Try it |
Images are not part of the copy; write out the rest of the data exactly as given.

Recorded data |
- - - - - - -

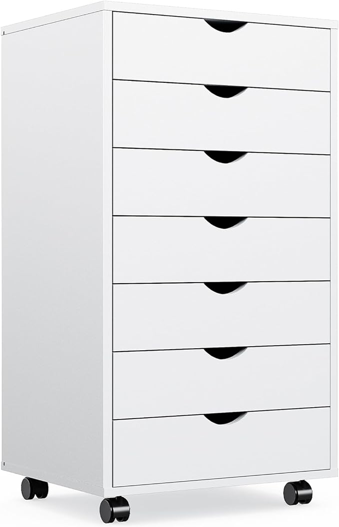 OLIXIS 7 Drawer Chest Wood File Cabinet Rolling Organization Storage Dresser with Wheels for Home Office, 15.75" D x 18.74" W x 34.25" H, White
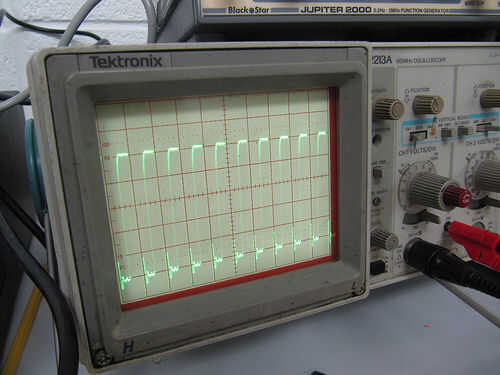 Se revisaron todas las señales de cruce del pequeño "tarjeta principal" a la Junta de motor más grande. Una de las señales alrededor era una señal de 1Mhz (ver la foto). Cortamos la ruta y luego utiliza un generador de señal para inyectar su señal y funcionó! Así que algo de código fue agregado para generar una señal más lenta. Más lento tenemos el plato móvil era aproximadamente 120 rpm antes de que iniciara corcoveos y perder par motor.
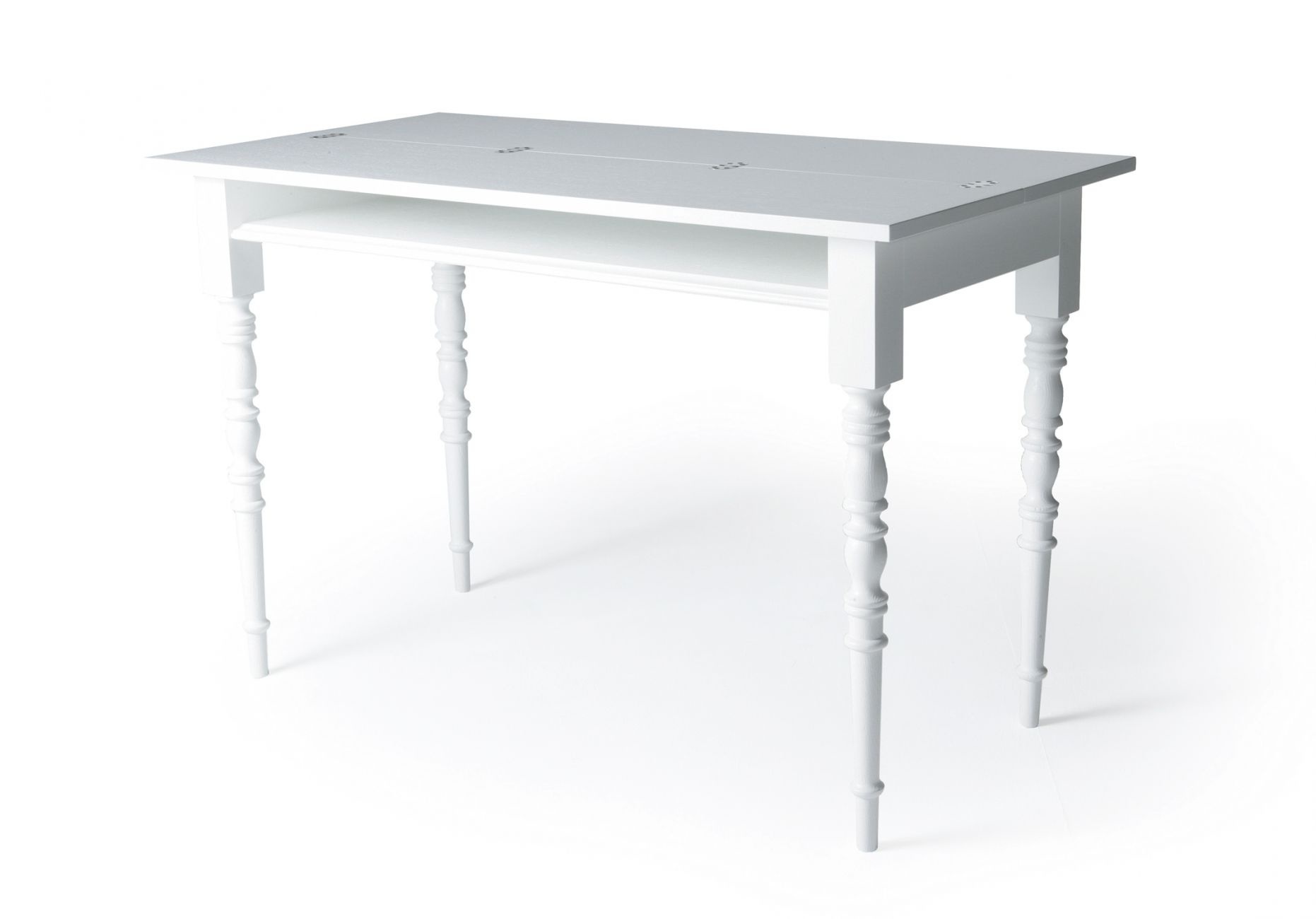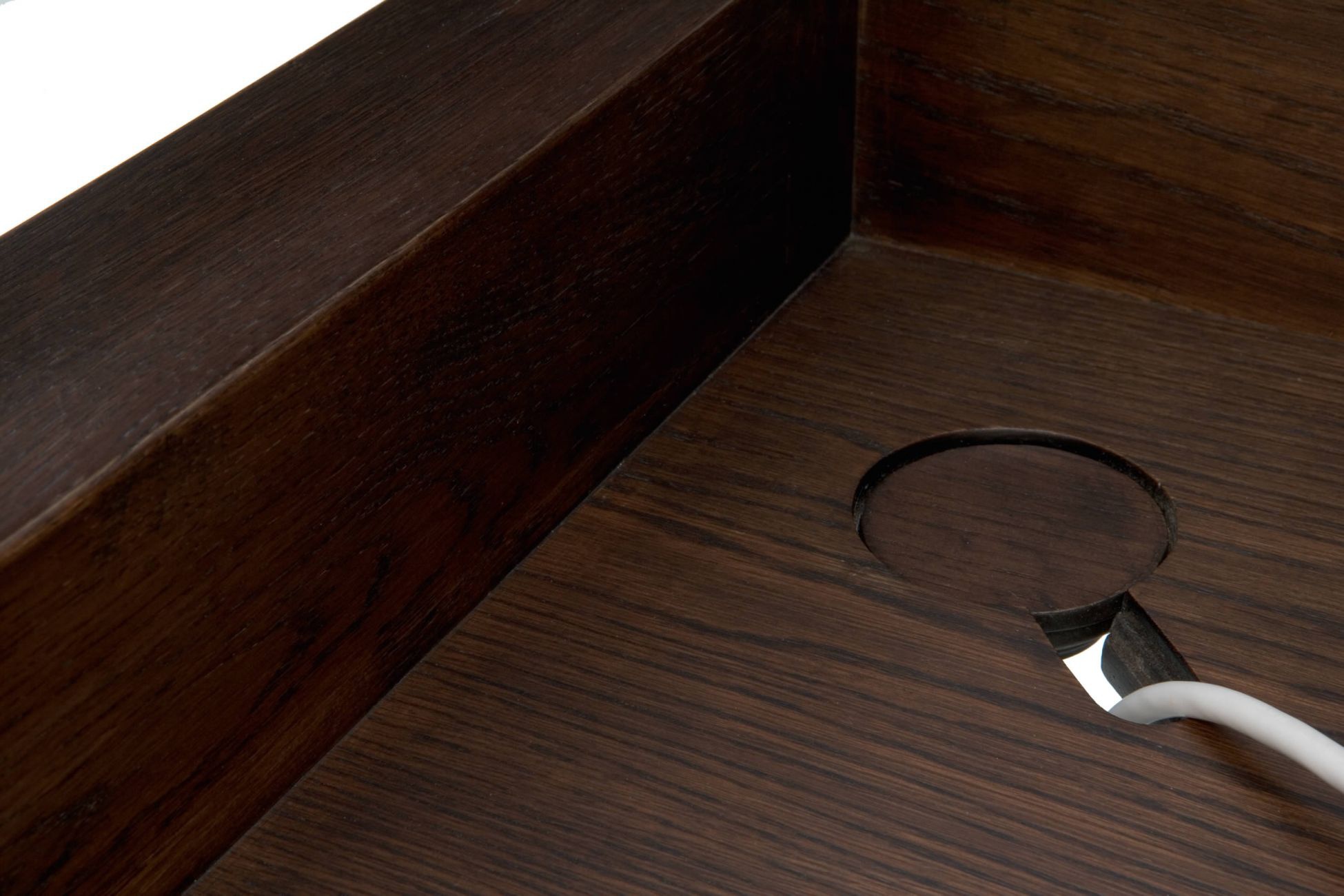 The Two Tops Secretary from the Dutch manufacturer Moooi. The base of the secretaire is made of solid oak, carved legs. Table top made from MDF covered with oak veneer. Finishing varnish from the company portfolio. The model is made with two table tops, with holes for wires. Design solution for the interior of your living room or office.

- - - - - - -

Result |
 OLIXIS 7 Drawer Chest Wood File Cabinet Rolling Organization Storage Dresser with Wheels for Home Office, 15.75" D x 18.74" W x 34.25" H, White
 Se revisaron todas las señales de cruce del pequeño "tarjeta principal" a la Junta de motor más grande. Una de las señales alrededor era una señal de 1Mhz (ver la foto). Cortamos la ruta y luego utiliza un generador de señal para inyectar su señal y funcionó! Así que algo de código fue agregado para generar una señal más lenta. Más lento tenemos el plato móvil era aproximadamente 120 rpm antes de que iniciara corcoveos y perder par motor.
 The Two Tops Secretary from the Dutch manufacturer Moooi. The base of the secretaire is made of solid oak, carved legs. Table top made from MDF covered with oak veneer. Finishing varnish from the company portfolio. The model is made with two table tops, with holes for wires. Design solution for the interior of your living room or office.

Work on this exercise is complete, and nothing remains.